Sandra Day’s Swan Song

Regarding foreseeable Supreme Court vacancies, look for Associate Justice O’Connor to make the Grutter and Gratz affirmative action cases her swan song.

There’s no way the present Court can muster a Brown v. Board-style unanimous decision or opinion in an attempt to cut the Gordian knot of 21st-century affirmative action. Prediction: O’Connor (who wrote the Adarand and Richmond v. Croson opinions, which were majority decisions but neither of which garnered a majority in support of her opinion) will again write for the Court. She’s unlikely to write an opinion that gets four other votes, given Scalia’s and Thomas’s consistent concurrences, to say nothing about the complexity of the lower court rulings. In Adarand, she laid out pretty neatly a summation, "three general propositions," of court precedent on affirmative action, which neither she nor the other conservative judges have shown signs they will back away from.
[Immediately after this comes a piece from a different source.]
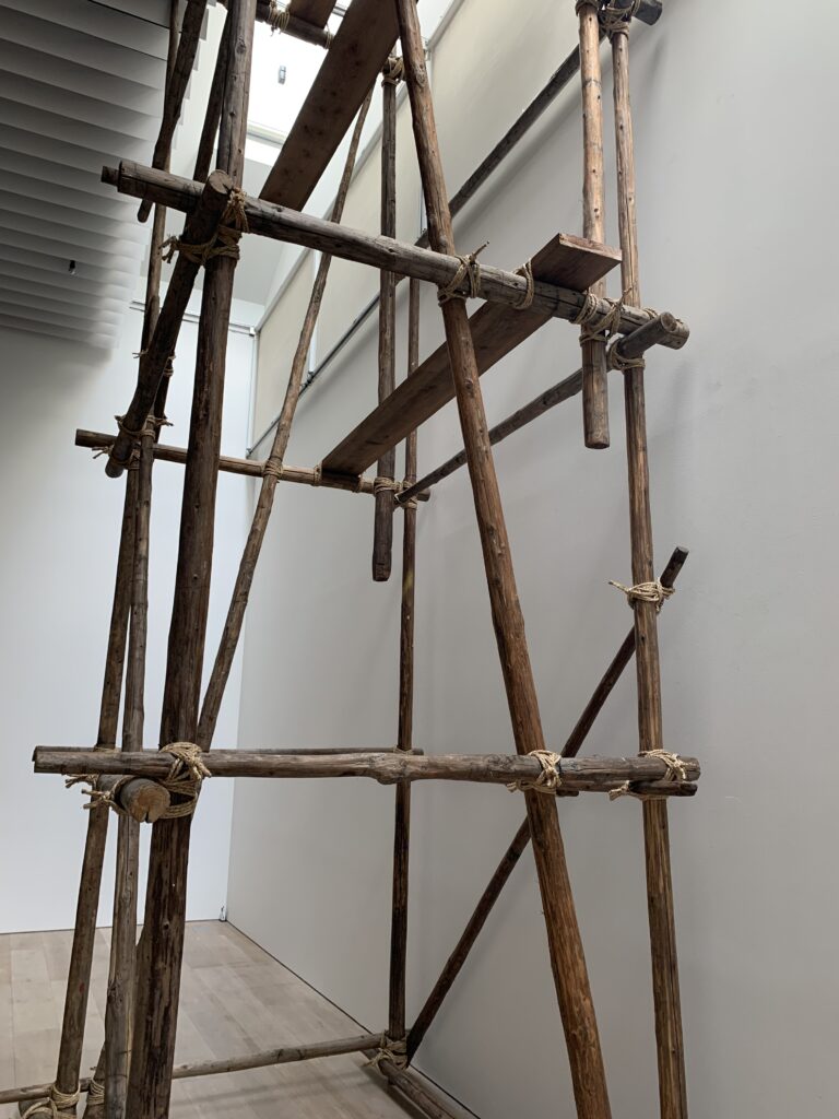 そういえば、物を運ぶよりもアーティストが移動し、その場所で制作する方がエコだよね、という考え方もこのアート展では取り入れられているらしい。この作品もそんな感じなのかな?
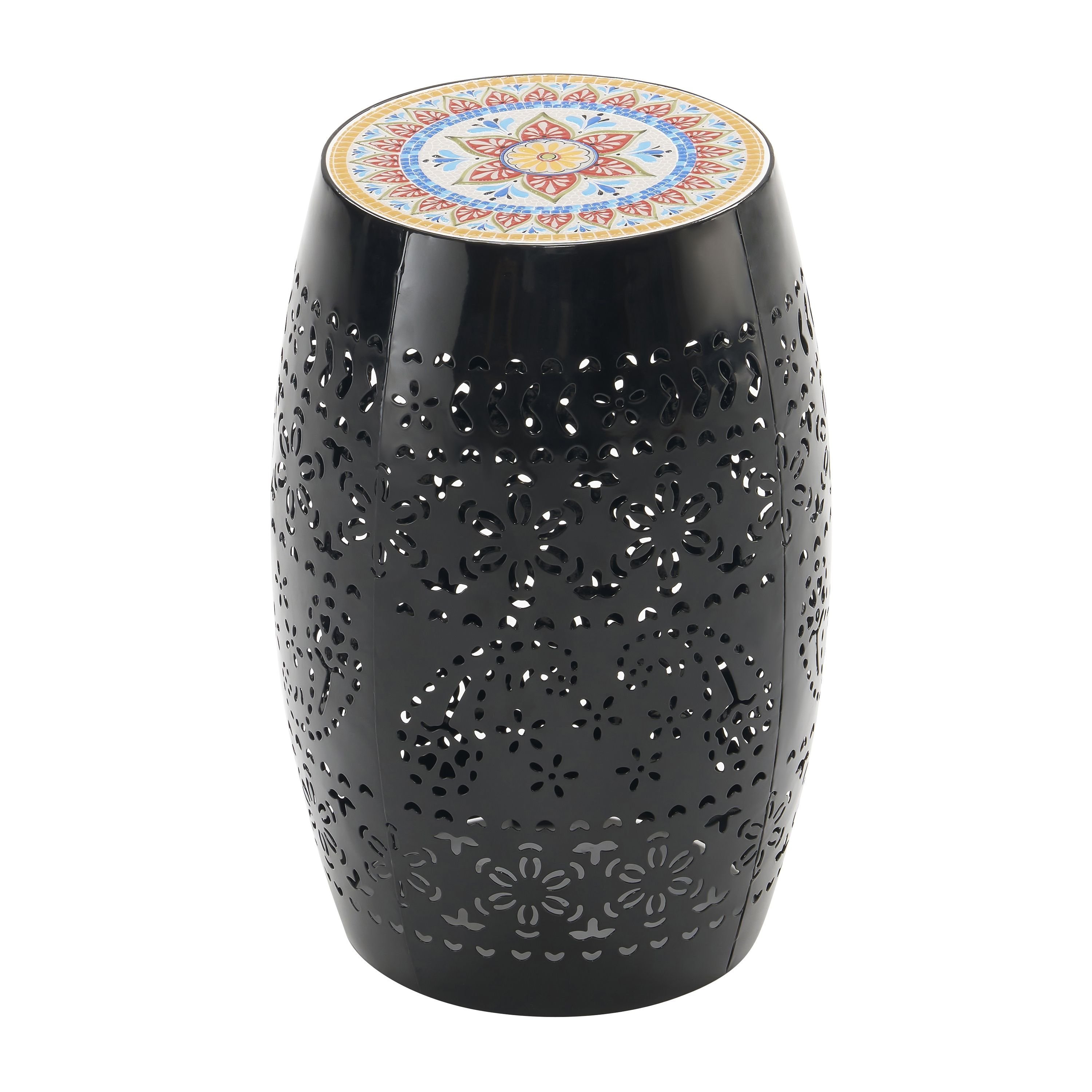 FUNCTIONAL ART:This 12.25" wide by 18.25" high mosaic side table is the right height for snacks, beverages, and plants. Weight Capacity: 10.2lb.Combination of a boho pattern ceramic tile top with an elegant and unique cut-out pattern metal frame, blending with any room decor from boho to modern minimalism.

It helps that O’Connor acknowledged (in Croson) that Bakke did not produce a majority opinion, which means she will try to do just that with this case. It’s been almost a quarter century since the Supremes ruled on affirmative action in education, so O’Connor will try to improve upon Powell’s lone opinion (but majority decision) in Bakke by getting the Court to speak more clearly: namely, by emphasizing stare decisis as applied to the Court’s racial discrimination decisions. She may try to turn this case, if she gets to write the opinion, into a swan song for her general legacy as the first female Supreme--helping the Court to stabilize its rulings, esp. given its split decisions on controversial subjects, through a heightened reinforcement of the role of precedent. This is how she interpreted the abortion cases and was able to steal the Casey opinion away from Rehnquist.

In short, strict scrutiny lives to fight another quarter century.

Quick note on Stevens: In 1999 or 2000, during the one oral argument session I have witnessed before the Supremes, Justice Stevens was the most engaged and vigorous of the nine inquisitors.